Exercise instructions ::
Please return the lines below verbatim, beginning at the one that has "バトンを渡す練習は、トラック" and stopping after the one that has "Partindo do jogo", and add no other lines.

Input ::
Segment Open

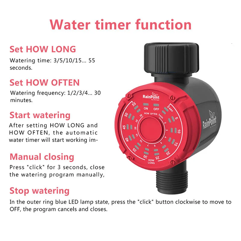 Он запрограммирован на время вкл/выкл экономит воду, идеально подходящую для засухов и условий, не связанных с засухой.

Segment Closed
Segment Open

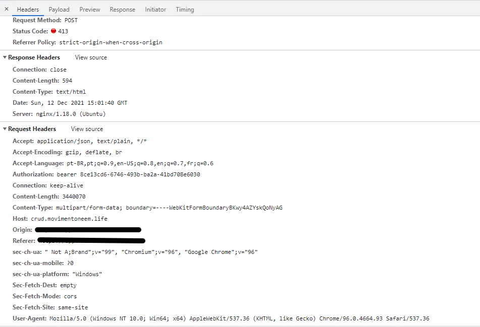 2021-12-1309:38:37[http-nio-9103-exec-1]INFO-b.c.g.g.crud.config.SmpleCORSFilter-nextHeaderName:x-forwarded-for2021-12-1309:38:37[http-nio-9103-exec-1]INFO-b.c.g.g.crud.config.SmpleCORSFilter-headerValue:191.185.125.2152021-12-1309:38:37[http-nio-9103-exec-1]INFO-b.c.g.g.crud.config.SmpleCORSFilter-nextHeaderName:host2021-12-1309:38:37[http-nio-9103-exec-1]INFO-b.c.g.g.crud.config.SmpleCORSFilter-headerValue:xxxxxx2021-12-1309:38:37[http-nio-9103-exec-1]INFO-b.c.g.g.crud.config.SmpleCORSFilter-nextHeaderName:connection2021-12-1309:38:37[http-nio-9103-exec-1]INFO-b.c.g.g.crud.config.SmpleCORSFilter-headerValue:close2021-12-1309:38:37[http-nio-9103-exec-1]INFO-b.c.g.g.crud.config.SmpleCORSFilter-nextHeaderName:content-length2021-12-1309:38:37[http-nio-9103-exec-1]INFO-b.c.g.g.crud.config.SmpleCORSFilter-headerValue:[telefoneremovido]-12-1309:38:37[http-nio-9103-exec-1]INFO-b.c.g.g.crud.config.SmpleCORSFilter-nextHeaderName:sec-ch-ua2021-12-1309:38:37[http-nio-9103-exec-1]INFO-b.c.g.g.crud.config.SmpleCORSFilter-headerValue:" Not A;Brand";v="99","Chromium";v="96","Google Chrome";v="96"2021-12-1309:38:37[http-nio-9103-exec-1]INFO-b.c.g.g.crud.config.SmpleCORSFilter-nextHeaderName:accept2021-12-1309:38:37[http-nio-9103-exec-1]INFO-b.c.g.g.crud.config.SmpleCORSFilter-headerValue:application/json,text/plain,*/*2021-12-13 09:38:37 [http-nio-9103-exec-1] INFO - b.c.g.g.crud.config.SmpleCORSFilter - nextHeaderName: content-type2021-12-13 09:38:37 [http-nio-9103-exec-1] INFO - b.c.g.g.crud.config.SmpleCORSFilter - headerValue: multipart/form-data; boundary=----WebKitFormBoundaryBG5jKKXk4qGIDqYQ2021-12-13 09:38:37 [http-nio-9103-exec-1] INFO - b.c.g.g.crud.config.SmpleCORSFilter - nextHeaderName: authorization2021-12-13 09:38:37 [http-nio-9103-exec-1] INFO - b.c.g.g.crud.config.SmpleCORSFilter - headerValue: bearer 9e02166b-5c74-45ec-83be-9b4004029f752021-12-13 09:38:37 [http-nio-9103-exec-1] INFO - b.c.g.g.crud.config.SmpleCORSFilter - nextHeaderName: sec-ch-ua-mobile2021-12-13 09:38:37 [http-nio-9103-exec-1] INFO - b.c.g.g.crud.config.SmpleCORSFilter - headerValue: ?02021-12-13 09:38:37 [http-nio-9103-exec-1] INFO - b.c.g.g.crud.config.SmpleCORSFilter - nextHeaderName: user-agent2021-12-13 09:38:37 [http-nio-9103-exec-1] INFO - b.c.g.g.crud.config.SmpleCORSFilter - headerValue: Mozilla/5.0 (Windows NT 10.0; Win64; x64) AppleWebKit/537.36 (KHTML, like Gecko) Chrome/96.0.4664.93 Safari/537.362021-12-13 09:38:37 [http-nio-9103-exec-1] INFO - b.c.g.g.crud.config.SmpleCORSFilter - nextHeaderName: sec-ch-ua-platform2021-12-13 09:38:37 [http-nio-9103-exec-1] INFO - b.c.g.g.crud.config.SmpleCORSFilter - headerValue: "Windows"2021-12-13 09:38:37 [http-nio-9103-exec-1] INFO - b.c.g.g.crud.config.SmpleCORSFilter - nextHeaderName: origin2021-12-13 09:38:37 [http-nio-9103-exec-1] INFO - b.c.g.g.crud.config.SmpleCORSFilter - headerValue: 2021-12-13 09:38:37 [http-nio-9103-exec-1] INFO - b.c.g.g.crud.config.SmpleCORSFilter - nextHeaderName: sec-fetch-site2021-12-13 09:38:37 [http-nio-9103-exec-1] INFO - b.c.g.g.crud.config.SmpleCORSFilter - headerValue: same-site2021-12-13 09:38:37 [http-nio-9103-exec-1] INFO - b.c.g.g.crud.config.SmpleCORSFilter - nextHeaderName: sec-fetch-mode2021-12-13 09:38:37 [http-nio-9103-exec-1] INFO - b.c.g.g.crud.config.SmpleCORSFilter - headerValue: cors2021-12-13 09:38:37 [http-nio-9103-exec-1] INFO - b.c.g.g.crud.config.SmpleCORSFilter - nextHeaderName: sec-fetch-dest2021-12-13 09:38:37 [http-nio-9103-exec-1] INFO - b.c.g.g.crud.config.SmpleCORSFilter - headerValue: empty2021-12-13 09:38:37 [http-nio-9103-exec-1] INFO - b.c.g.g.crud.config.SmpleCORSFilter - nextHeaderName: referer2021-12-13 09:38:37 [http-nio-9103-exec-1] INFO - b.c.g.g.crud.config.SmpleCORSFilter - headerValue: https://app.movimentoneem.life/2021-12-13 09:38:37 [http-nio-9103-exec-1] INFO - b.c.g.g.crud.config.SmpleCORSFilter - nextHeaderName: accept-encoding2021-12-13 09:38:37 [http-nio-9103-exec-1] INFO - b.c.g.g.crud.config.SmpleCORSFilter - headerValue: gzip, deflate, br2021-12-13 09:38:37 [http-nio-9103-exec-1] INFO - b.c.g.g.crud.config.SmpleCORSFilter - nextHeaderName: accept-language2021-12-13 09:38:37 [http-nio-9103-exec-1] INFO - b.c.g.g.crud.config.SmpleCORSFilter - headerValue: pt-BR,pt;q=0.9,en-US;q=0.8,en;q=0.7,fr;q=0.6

Segment Closed
Segment Open

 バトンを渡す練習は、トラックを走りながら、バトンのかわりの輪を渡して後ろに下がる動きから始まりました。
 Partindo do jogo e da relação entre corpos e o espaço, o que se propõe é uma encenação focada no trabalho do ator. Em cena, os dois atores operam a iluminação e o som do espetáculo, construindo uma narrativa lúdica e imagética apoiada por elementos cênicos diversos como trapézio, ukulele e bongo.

Segment Closed

Solution to this task ::
 バトンを渡す練習は、トラックを走りながら、バトンのかわりの輪を渡して後ろに下がる動きから始まりました。
 Partindo do jogo e da relação entre corpos e o espaço, o que se propõe é uma encenação focada no trabalho do ator. Em cena, os dois atores operam a iluminação e o som do espetáculo, construindo uma narrativa lúdica e imagética apoiada por elementos cênicos diversos como trapézio, ukulele e bongo.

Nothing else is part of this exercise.